From the first line to the last, repeat the data exactly and drop the pictures.

* PROVIDED DATA *
------------------------------------------------

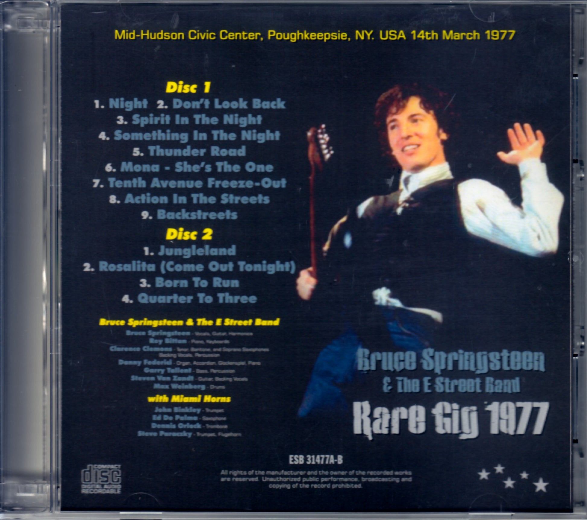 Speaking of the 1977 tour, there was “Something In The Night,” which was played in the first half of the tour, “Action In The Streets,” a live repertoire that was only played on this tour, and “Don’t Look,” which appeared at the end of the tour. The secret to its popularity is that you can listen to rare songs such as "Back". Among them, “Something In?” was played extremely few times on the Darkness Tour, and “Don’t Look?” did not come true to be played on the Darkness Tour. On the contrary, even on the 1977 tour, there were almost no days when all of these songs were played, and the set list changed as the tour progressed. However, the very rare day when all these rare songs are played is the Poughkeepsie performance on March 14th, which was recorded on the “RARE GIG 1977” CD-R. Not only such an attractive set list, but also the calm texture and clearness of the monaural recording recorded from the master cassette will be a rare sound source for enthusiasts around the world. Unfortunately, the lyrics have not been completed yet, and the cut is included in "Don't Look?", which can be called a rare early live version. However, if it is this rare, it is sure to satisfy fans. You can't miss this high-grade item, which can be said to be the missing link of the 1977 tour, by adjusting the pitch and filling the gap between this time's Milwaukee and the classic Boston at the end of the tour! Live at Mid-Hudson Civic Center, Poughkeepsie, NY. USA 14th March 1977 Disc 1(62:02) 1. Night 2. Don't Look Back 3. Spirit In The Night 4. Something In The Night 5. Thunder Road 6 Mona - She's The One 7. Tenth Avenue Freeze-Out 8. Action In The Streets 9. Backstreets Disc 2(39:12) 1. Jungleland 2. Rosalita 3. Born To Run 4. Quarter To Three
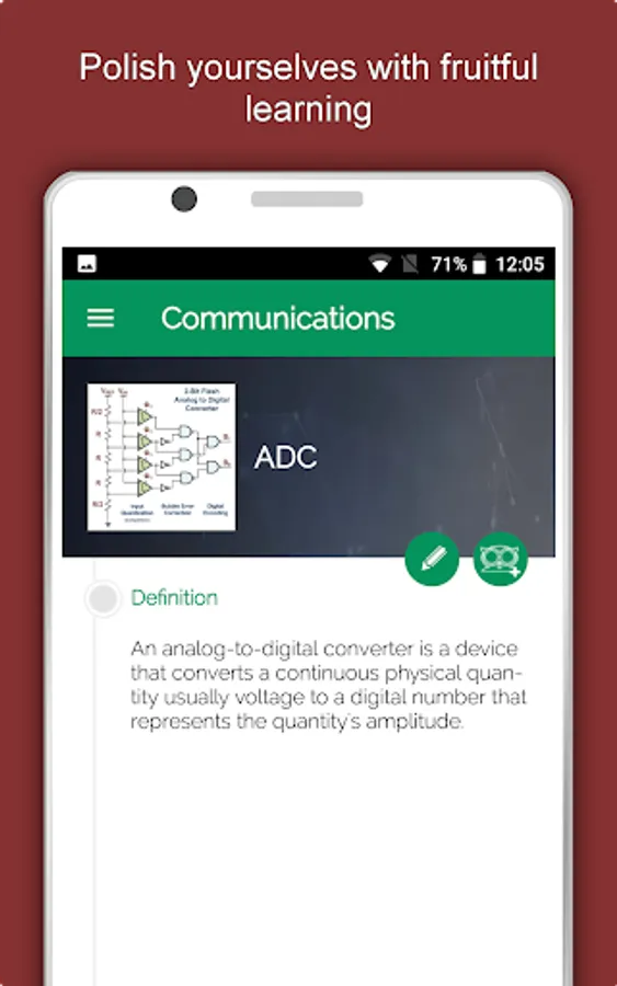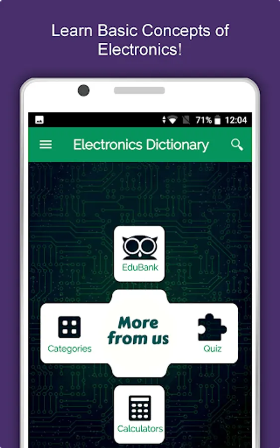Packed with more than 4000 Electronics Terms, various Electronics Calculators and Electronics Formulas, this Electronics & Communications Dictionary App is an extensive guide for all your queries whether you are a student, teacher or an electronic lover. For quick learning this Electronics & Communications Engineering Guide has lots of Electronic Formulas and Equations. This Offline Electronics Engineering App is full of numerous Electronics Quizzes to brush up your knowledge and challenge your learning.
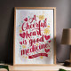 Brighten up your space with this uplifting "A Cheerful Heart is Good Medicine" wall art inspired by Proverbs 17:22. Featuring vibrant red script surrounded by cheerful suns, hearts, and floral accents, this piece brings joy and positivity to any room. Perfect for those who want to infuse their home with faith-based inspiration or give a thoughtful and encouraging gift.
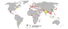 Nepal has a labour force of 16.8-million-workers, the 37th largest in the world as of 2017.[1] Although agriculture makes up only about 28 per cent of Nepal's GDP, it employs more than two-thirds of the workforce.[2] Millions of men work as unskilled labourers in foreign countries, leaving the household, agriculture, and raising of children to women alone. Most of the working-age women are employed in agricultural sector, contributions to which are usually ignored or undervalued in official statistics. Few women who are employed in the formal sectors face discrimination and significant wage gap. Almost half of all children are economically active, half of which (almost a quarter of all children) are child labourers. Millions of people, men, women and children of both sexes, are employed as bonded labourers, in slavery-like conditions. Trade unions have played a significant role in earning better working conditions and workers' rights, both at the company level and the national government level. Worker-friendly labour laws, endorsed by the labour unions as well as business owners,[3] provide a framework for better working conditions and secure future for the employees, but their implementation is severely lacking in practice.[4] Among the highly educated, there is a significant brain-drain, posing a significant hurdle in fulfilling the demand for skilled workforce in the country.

------------------------------------------------

* FINISHED EXERCISE *
 Speaking of the 1977 tour, there was “Something In The Night,” which was played in the first half of the tour, “Action In The Streets,” a live repertoire that was only played on this tour, and “Don’t Look,” which appeared at the end of the tour. The secret to its popularity is that you can listen to rare songs such as "Back". Among them, “Something In?” was played extremely few times on the Darkness Tour, and “Don’t Look?” did not come true to be played on the Darkness Tour. On the contrary, even on the 1977 tour, there were almost no days when all of these songs were played, and the set list changed as the tour progressed. However, the very rare day when all these rare songs are played is the Poughkeepsie performance on March 14th, which was recorded on the “RARE GIG 1977” CD-R. Not only such an attractive set list, but also the calm texture and clearness of the monaural recording recorded from the master cassette will be a rare sound source for enthusiasts around the world. Unfortunately, the lyrics have not been completed yet, and the cut is included in "Don't Look?", which can be called a rare early live version. However, if it is this rare, it is sure to satisfy fans. You can't miss this high-grade item, which can be said to be the missing link of the 1977 tour, by adjusting the pitch and filling the gap between this time's Milwaukee and the classic Boston at the end of the tour! Live at Mid-Hudson Civic Center, Poughkeepsie, NY. USA 14th March 1977 Disc 1(62:02) 1. Night 2. Don't Look Back 3. Spirit In The Night 4. Something In The Night 5. Thunder Road 6 Mona - She's The One 7. Tenth Avenue Freeze-Out 8. Action In The Streets 9. Backstreets Disc 2(39:12) 1. Jungleland 2. Rosalita 3. Born To Run 4. Quarter To Three
Packed with more than 4000 Electronics Terms, various Electronics Calculators and Electronics Formulas, this Electronics & Communications Dictionary App is an extensive guide for all your queries whether you are a student, teacher or an electronic lover. For quick learning this Electronics & Communications Engineering Guide has lots of Electronic Formulas and Equations. This Offline Electronics Engineering App is full of numerous Electronics Quizzes to brush up your knowledge and challenge your learning.
 Brighten up your space with this uplifting "A Cheerful Heart is Good Medicine" wall art inspired by Proverbs 17:22. Featuring vibrant red script surrounded by cheerful suns, hearts, and floral accents, this piece brings joy and positivity to any room. Perfect for those who want to infuse their home with faith-based inspiration or give a thoughtful and encouraging gift.
 Nepal has a labour force of 16.8-million-workers, the 37th largest in the world as of 2017.[1] Although agriculture makes up only about 28 per cent of Nepal's GDP, it employs more than two-thirds of the workforce.[2] Millions of men work as unskilled labourers in foreign countries, leaving the household, agriculture, and raising of children to women alone. Most of the working-age women are employed in agricultural sector, contributions to which are usually ignored or undervalued in official statistics. Few women who are employed in the formal sectors face discrimination and significant wage gap. Almost half of all children are economically active, half of which (almost a quarter of all children) are child labourers. Millions of people, men, women and children of both sexes, are employed as bonded labourers, in slavery-like conditions. Trade unions have played a significant role in earning better working conditions and workers' rights, both at the company level and the national government level. Worker-friendly labour laws, endorsed by the labour unions as well as business owners,[3] provide a framework for better working conditions and secure future for the employees, but their implementation is severely lacking in practice.[4] Among the highly educated, there is a significant brain-drain, posing a significant hurdle in fulfilling the demand for skilled workforce in the country.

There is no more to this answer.